Some of my friends may have heard me refer to “machinebrain” and “gardenbrain” in conversation over the past few months.
This idea is taken from Eric Liu and Nick Hanauer’s The Gardens of Democracy, in which they argue that a new way of thinking about social systems needs to be developed. Liu and Hanauer contrast a mechanistic “machinebrain” way of thinking with an organic “gardenbrain” way of thinking.
I have found the idea to be helpful to me in understanding and sorting the mindsets of people with whom I am talking. I also discuss this in another piece about “the apparatus.”
A “machinebrain”-oriented person will often talk about tools, processes, and techniques, and they will often see deliberative politics in these terms. A “gardenbrain” person sees things as emergent, growing.
While there are important benefits to each way of seeing things, the latter is more in line with an “ecological” view of community politics. I have found it very hard to convey my understanding of politics to people who have a “machinebrain” outlook. The terms I use become assimilated. “Yes, I get it. I do that too!” they may say, but it is clear we are talking about different things. They think I am talking about process. The frequency with which I encounter “machinebrain” is sometimes surprising to me. I mentally seek out “gardenbrain” people, because I feel like we have the most in common intellectually, at least when it comes to talking about politics.
As I reflect, however, I have come to believe that the “gardenbrain” perspective is also not quite apt. It still assumes that the whole thing can be managed somehow.
Here is how Liu and Hanauer describe the two mindsets:
“Machinebrain sees the world and democracy as a series of mechanisms-clocks and gears, perpetual motion machines, balances and counterbalances. Machinebrain requires you to conceive of the economy as perfectly efficient and automatically self-correcting. Machinebrain presuppose stability and predictability, and only grudgingly admits the need for correction. Even the word commonly used for such correction- “regulation”- is mechanical in origin and regrettable connotation.

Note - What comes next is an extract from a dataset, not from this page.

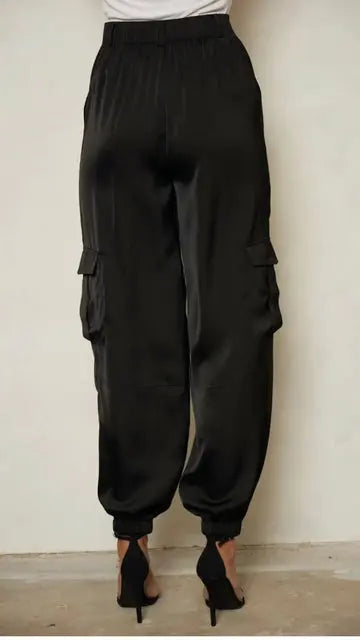 Equipped with functional cargo pockets, these joggers are as practical as they are stylish. You can store your essentials like your phone or wallet, which is perfect when you’re on the go. Additionally, the sleek design maintains a polished look, so you’ll always appear chic, even while being functional. Therefore, you can confidently wear the SLEEK MOVES SATIN CARGO JOGGERS for any occasion!

“Gardenbrain sees the world and democracy as an entwined set of ecosystems-sinks and sources of trust and social capital, webs of economic growth, networks of behavioral contagion. Gardenbrain forces you to conceive of the economy as man-made and effective only if well-constructed and well cared-for. Gardenbrain presupposes instability and unpredictability, and thus expects a continuous need for seeding, feeding, and weeding ever-changing systems. To be a gardener is not to let nature take its course; it is to tend. It is to accept responsibility for nurturing the good growth and killing the bad. Tending and regulating thus signify the same work, but tending frames the work as presumptively necessary and beneficial rather than as something to be suffered.
“Machinebrain treats people as cogs: votes to be collected by political machines; consumes to be manipulated by marketing machines; employees to be plugged into industrial machines. It is a static mindset of control and fixity, and is the basis of most of our inherited institutions, from schools to corporations to prisons.
“Gardenbrain sees people as interdependent creators of dynamic world: our emotions affect each other; our personal choices cascade into public patterns, which can be shaped but rarely controlled. It is a dynamic mindset of influence and evolution, of direction without control, and is the basis of our future.
“Machinebrain allows you to rationalize atomized selfishness and a neglect of larger problems. It accepts social ills like poverty, environmental degradation, and ignorance as the inevitable outcome of an efficient marketplace. It is fatalistic and reductionist, treating change as an unnecessary and risky deviation from the norm.
“Gardenbrain recognizes such social ills and the shape of our society as the byproduct of man-made arrangements. It is evolutionary and holistic, treating change as the norm, essential and full of opportunity. It leads you to acknowledge that human societies thrive only through active gardening.”
In their understanding of “gardenbrain,” the gardener is still in charge. She or he must work organically, with the natural inclinations of the elements of the garden — but she or he is still the gardener. They are tending.
I would say I see community as broader than that. It is not a garden, but a forest. Larger than any one gardener is likely to affect singlehandedly.
I am beginning to think of this approach as “forestbrain.” And I think of the relationship that someone might have to such a forest as akin to how a ranger thinks of her or his role. In a forest, there are some built areas (a fire ring at a campsite), and there may be some areas that need tending (a denuded meadow being brought back) — but the overall thing is larger than any of these individual efforts. It is an inherently open system that reacts dynamically and on which people may act not so much from outside but from within.